National Lecture Program

AIA Lecturer: Michael Blake

Affiliation: University of British Columbia

"I joined U.B.C. in 1986, a year after completing my doctorate in Anthropology, with a specialization in Archaeology, at the University of Michigan. Since then I have been studying the emergence of complex society among the ancient Mokaya people who occupied the Pacific Coast of Chiapas Mexico beginning about 3500 years ago. These people comprised some of Mexico’s earliest village societies, and developed some of the practices that later became common throughout Prehispanic Mesoamerica (for example, the ballgame played in a permanent ballcourt facility). This ongoing research documents the changes that took place as people became increasingly dependent on agriculture (including maize), lived in permanent settled communities, and developed complex social and political hierarchies.
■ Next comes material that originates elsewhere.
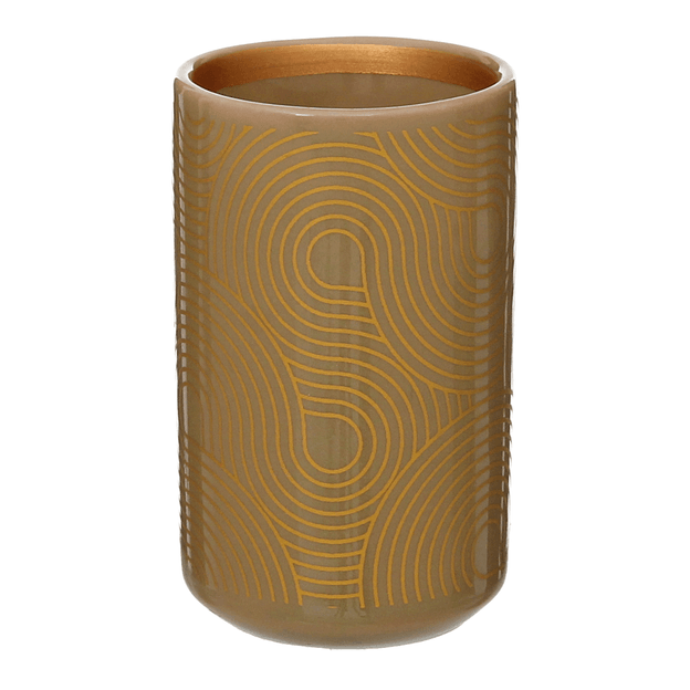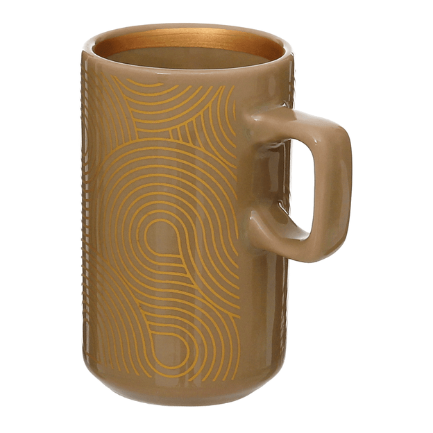 Caneca, em porcelana esmaltada com detalhe em baixo-relevo.

My research in Chiapas has been funded by the Social Sciences and Humanities Research Council of Canada, and has been carried out in partnership with Professor John Clark, Director of Brigham Young University’s New World Archaeological Foundation.
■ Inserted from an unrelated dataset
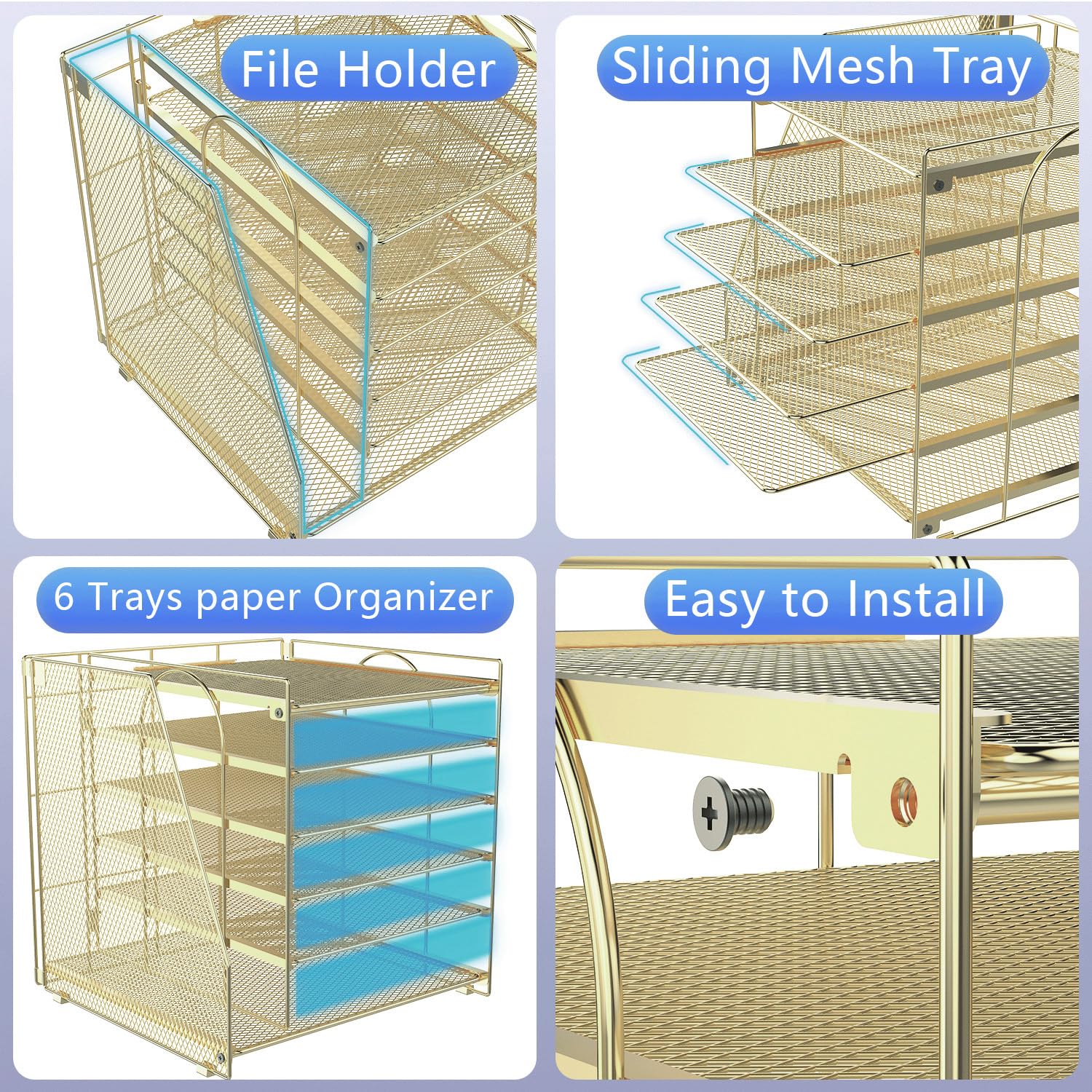 【Improve Efficiency】This desk organizer has 6 tray spaces and a magazine rack, allowing you to accommodate more files and office supplies. It helps you efficiently and quickly differentiate the contents of each compartment, making it easier to store and access items.

Since 1992, I have also been carrying out archaeological research in the Fraser River Valley of Southwestern British Columbia. One long-term project concentrated on the ancient village site of Scowlitz (Qithyil), located 100 km east of Vancouver within the traditional territories of the Sto:lo Coast Salish peoples. This project has contributed to our understanding of how both households and cemeteries formed an integral part of Coast Salish social, political and economic organization during the past three millennia. More recently, I have been working with a team of researchers to survey, map, and excavate at a series of archaeological sites within the Sto:lo Traditional Territory, British Columbia. This project, in partnership with Sto:lo First Nations, has as it main goal the exploration of Coast Salish identities as expressed in house structures and village settlement layouts extending from about 3000 years ago to the beginning of European colonization of the region in the mid-1800s."